Monday, July 31, 2006

The "Big Eye" has bigger offspring

kw: book reviews, nonfiction, science, astronomy

I am a science junkie. I haunt the 500 section of the local library, and the corresponding section of bookstores. While a few scientists write their own books, a larger number work with more literary collaborators. By far the largest number of books in the section are by popularizers, those who studied enough science at some point to write about it intelligently, and can communicate for scientists who can't write (frequently because they're too busy!). But there is nothing like the writing of an involved scientist who can also write very well, and is willing to take/make the time to write for the public.

J. B. Zirker is one of these gems. As the former director of the National Solar Observatory, with a forty-year career as a solar researcher, he has written three books about the sun and solar research. In An Acre of Glass: a History and Forecast of the Telescope he writes about telescopes in general, their development over the past three centuries, and his expectations of the near future in telescope development.

For much of the 20th Century, the two largest telescopes in the world were the 200 inch (5 meter) Hale telescope at Palomar, and the 100 inch (2.5 meter) Hooker telescope at Mt. Wilson. I used to live in the foothill area of Pasadena, CA, and more than once I hiked up the trail over which the 100-inch mirror—and many tons of associated equipment—was borne to the summit. On occasion, I hiked over to the Hooker instrument's dome and peeked inside. In the 1970s, when this picture was taken (not by me), there was a short viewer's platform and viewing window. I was awed by a telescope the size of a Greyhound bus. I haven't seen Hale at Palomar, but I'd love to.

Now, since the late 1970s, new technologies have allowed the production of telescopes as large as 400 inches (the 10 meter Keck telescopes). Larger instruments are being planned, right up to one called OWL, for OverWhelmingly Large telescope: 4,000 inches, or 100 meters (328 feet). Think of a mirror the size of ten suburban lots (2 acres), polished to an accuracy of 15-20 nanometers (less than a millionth of an inch), held in a mounting that won't let it sag by more than this amount, that can be pointed at any part of the sky.

Dr. Zirker brings us the background story behind many large instruments astromers have crafted, and those to come.
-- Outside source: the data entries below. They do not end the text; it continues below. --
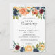 Esta elegante invitación de aniversario de bodas de 50 años es perfecta para un evento moderno. El diseño presenta ramos dibujados a mano de flores rosadas, amarillas, borgoña, rojas, índigo y follaje verde, inspirando belleza natural. Cambie el número para celebrar cualquier aniversario.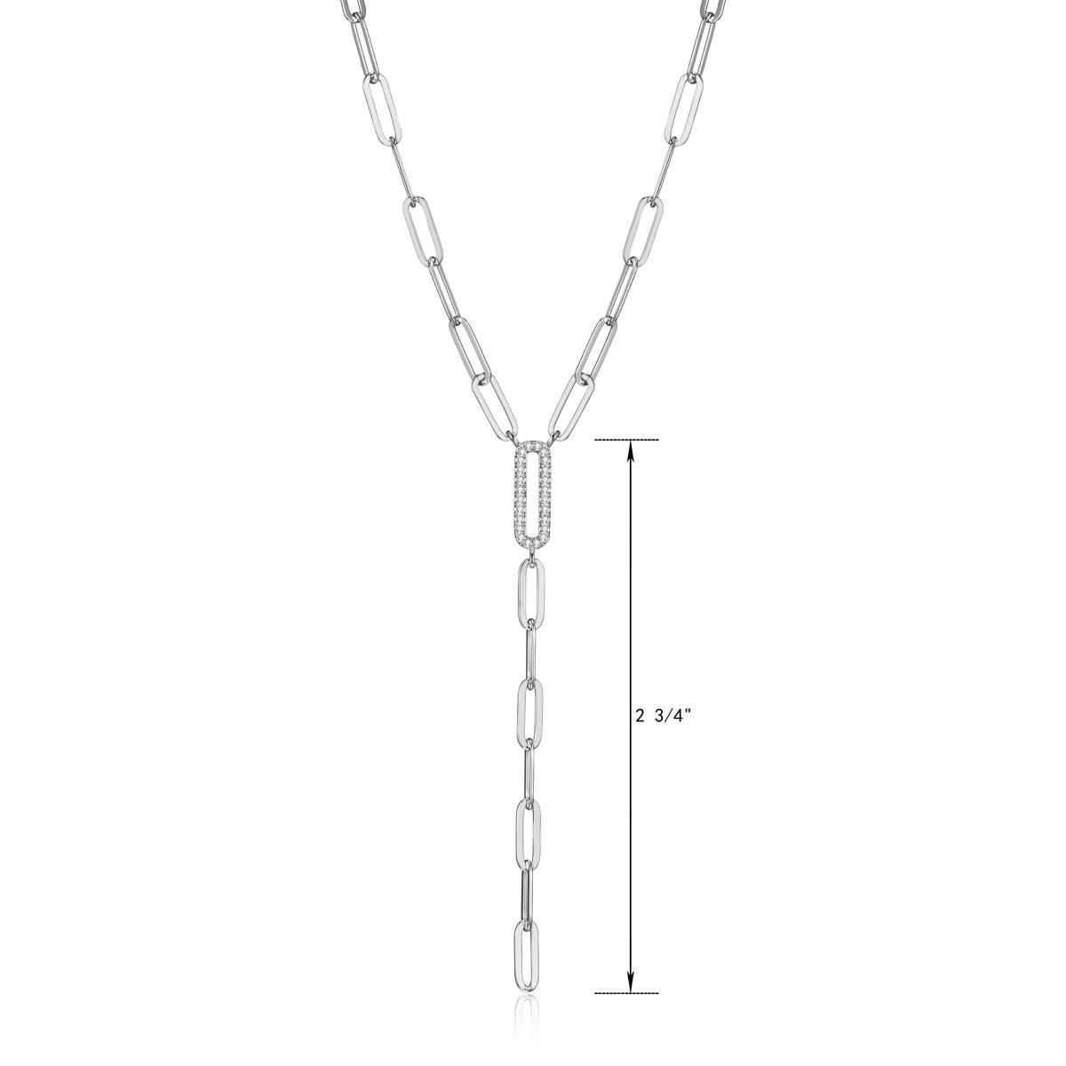 Forever Facets Sterling Silver Y Shape Paperclip Necklace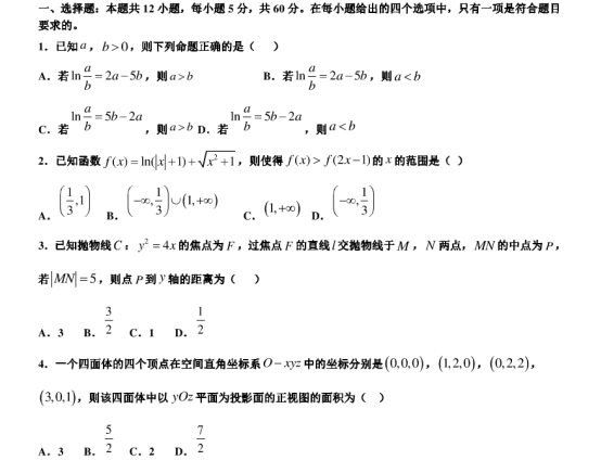 2022年高考全国乙卷数学(文)试卷真题与答案解析

He dwells on the incredible scientific discoveries each new instrument enables, and those that'll have to await the next big mirror.

Some may ask, "Why do you only mention mirrors? I thought telescopes had a big lens in front." Many do. The most common small telescope actually comes in a set of two: a pair of binoculars. Also, many folks have a stovepipe-size bargain telescope with a lens two or three inches across, and have had a look at the Moon or Saturn through it. But there is a problem with lenses. They don't focus all colors to the same point. Binoculars and other lens-type telescopes have two or three lenses bonded together at the front, each of a different kind of glass. They compensate for each other's deficiencies, so you can see a clear image without too much "secondary color." Also, the pieces of glass you need for a big lens, let's say four feet across, are very thick and heavy. The biggest practical refractor (lens-type) telescope is 44 inches in diameter and weighs a couple of tons.

Mirrors focus all colors to the same point. There are other issues that need to be addressed, but basically you just need to find a way to hold a few micrograms of aluminum or silver in place on a curved surface. A typical "first mirror" for an amateur telescope maker is six or eight inches across (15-20 cm), and weighs a few pounds. However, if you were to scale down the Palomar mirror from 200 inches to eight, it would be eggshell-thin, with an egg-crate hollow back, weighing about two pounds. This construction couples the great rigidity needed, with lighter weight (the 200-inch mirror weighs almost 20 tons; a 20-ton lens would be only 80-90 inches across). Larger telescopes use even more innovative techniques to reduce weight still further, but keep that thin metal surface in just the right configuration.

Even with modern detectors that can record nearly every photon, you need a lot of glass to record very distant objects with reasonable exposure times. The orbiting Hubble telescope, with its 2.4 meter mirror (just a little smaller than the Hooker telescope...an orbiting Greyhound bus), spent twelve days collecting the Ultra Deep Field image that shows galaxies and proto-galaxies that were among those earliest formed in the universe. If OWL gets built, and advanced optical correction gives it sufficient acuity, it could collect the same image in about ten minutes.

I can't do much astronomy, but I love reading about it, and I love this book.